Pipes, the pythonic way

    Some pythonists love code that is readable, while others prefer concise. Unfortunately, the balance between the first and second - the decisions are really elegant - rarely happens to be found in practice. More often lines like
    my_function(sum(filter(lambda x: x % 3 == 1, [x for x in range(100)])))
    Or quatrains a la
    xs = [x for x in range(100)]
    xs_filtered = filter(lambda x: x % 3 == 1, xs)
    xs_sum = sum(xs_filtered)
    result = my_function(xs_sum)
    Idealists would like to write something like this
    result = [x for x in range(100)] \
        | where(lambda x: x % 3 == 1)) \
        | sum \
        | my_function

    Not in Python?

    A simple implementation of such chains was recently proposed by a certain Julien Palard in his Pipe library .

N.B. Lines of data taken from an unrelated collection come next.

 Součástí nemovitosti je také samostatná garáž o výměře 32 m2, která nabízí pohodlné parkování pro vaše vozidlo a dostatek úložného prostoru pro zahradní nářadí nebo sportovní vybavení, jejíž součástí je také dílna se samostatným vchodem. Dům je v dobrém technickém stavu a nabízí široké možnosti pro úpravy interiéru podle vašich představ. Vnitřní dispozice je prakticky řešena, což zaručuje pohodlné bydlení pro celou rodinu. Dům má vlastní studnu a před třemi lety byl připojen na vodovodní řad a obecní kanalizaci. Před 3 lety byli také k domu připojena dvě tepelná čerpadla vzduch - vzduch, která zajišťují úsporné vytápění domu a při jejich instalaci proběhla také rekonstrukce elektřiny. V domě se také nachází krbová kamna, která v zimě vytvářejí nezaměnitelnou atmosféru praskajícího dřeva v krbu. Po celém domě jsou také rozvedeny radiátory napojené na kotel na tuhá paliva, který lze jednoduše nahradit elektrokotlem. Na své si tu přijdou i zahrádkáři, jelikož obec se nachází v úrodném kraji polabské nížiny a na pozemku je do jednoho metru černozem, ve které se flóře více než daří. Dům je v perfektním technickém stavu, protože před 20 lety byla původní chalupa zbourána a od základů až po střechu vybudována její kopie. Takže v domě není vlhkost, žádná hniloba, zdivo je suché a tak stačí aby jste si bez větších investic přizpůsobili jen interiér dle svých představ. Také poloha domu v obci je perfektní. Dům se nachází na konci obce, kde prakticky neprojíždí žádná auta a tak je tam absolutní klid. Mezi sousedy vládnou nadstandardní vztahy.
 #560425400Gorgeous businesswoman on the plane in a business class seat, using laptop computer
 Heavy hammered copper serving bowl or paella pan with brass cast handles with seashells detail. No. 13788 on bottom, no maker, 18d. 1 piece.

    Let's start right away with an example:
    from pipe import *   
    [1,2,3,4] | where(lambda x: x<=2)
    # at 0x88231e4>

    Oops, the intuitive impulse did not ride. Pipe returns the generator, the values ​​from which have yet to be extracted.
    [1,2,3,4] | where(lambda x: x<=2) | as_list
    #[1, 2]

    It would be possible to get the values ​​from the generator with a built-in cast function of type list (), but the author of the tool was consistent in his research and offered us the pipe function as_list.

    As you can see, the data source for the pipes in the example is a simple list. Generally speaking, any Python iterable can be used. Let's say “pairs” (tuples) or, more interestingly, the same generators:
    def fib():
        Генератор чисел Фибоначчи
        a, b = 0, 1
        while 1:
            yield a
            a, b = b, a + b
    fib() | take_while(lambda x: x<10) | as_list
    Several lessons can be learned from here:
    1. in pipes, you can use lists, "pairs", generators - any iterables.
    2. the result of combining generators in chains will be a generator.
    3. without an explicit requirement (type conversion or special pipe), piping is "lazy" in the sense that the chain is a generator and can serve as an endless data source.

    Of course, joy would be incomplete if it weren’t for us to easily create our own pipes. Example:
    def custom_add(x):
        return sum(x)
    [1,2,3,4] | custom_add
    Arguments? Easy:
    def sum_head(x, number_to_sum=2):
        acc = 0
        return sum(x[:number_to_sum])
    [1,2,3,4] | sum_head(3)
    The author has kindly provided a lot of prepared pipes. Some of them:
    • count - recount the number of elements of the incoming iterable
    • take (n) - extracts the first n elements from the input iterable.
    • tail (n) - Retrieves the last n elements.
    • skip (n) - skips n first elements.
    • all (pred) - Returns True if all iterable elements satisfy predicate pred.
    • any (pred) - Returns True if at least one iterable element satisfies the predicate pred.
    • as_list / as_dist - leads iterable to a list / dictionary, if such a conversion is possible.
    • permutations (r = None) - makes up all possible combinations of r elements of the input iterable. If r is not defined, then r is taken as len (iterable).
    • stdout - output to the standard stream iterable entirely after casting to a string.
    • tee - output the iterable element to the standard stream and pass it for further processing.
    • select (selector) - pass iterable elements for further processing, after applying the selector function to them.
    • where (predicate) - pass for further processing iterable elements that satisfy the predicate predicate.
    But these are more interesting:
    • netcat (host, port) - for each iterable element, open the socket, transfer the element itself (of course, string), transmit the host response for further processing.
    • netwrite (host, port) - the same thing, just do not read from the socket after sending data.
    These and other pipes for sorting, bypassing and processing the data stream are included by default in the module itself, since it is really easy to create them.

    Under the hood of the Pipe decorator

    Honestly, it was amazing to see how laconic the base code of the module! Judge for yourself:
    class Pipe:
        def __init__(self, function):
            self.function = function
        def __ror__(self, other):
            return self.function(other)
        def __call__(self, *args, **kwargs):
            return Pipe(lambda x: self.function(x, *args, **kwargs))
    That's all, actually. The usual decorator class.

    In the constructor, the decorator saves the function being decorated, turning it into an object of the Pipe class.

    If the pipe is called by the __call__ method, a new pipe of the function with the given arguments is returned.

    The main subtlety is the __ror__ method. This is an inverted operator, analogous to the “or” operator (__or__), which is called on the right operand with the left operand as an argument.

    It turns out that the chain calculation starts from left to right. The first element is passed as an argument to the second; the result of computing the second to the third and so on. Generators also pass along the chain painlessly.

    In my opinion, very very elegant.


    The syntax for this kind of pipes is really simple and convenient, I would like to see something like this in popular frameworks; say to process data streams; or - in a declarative form - lining up callback chains.

    The only drawback of this implementation is the rather vague error traces.

    On the development of ideas and alternative implementation - in the following articles.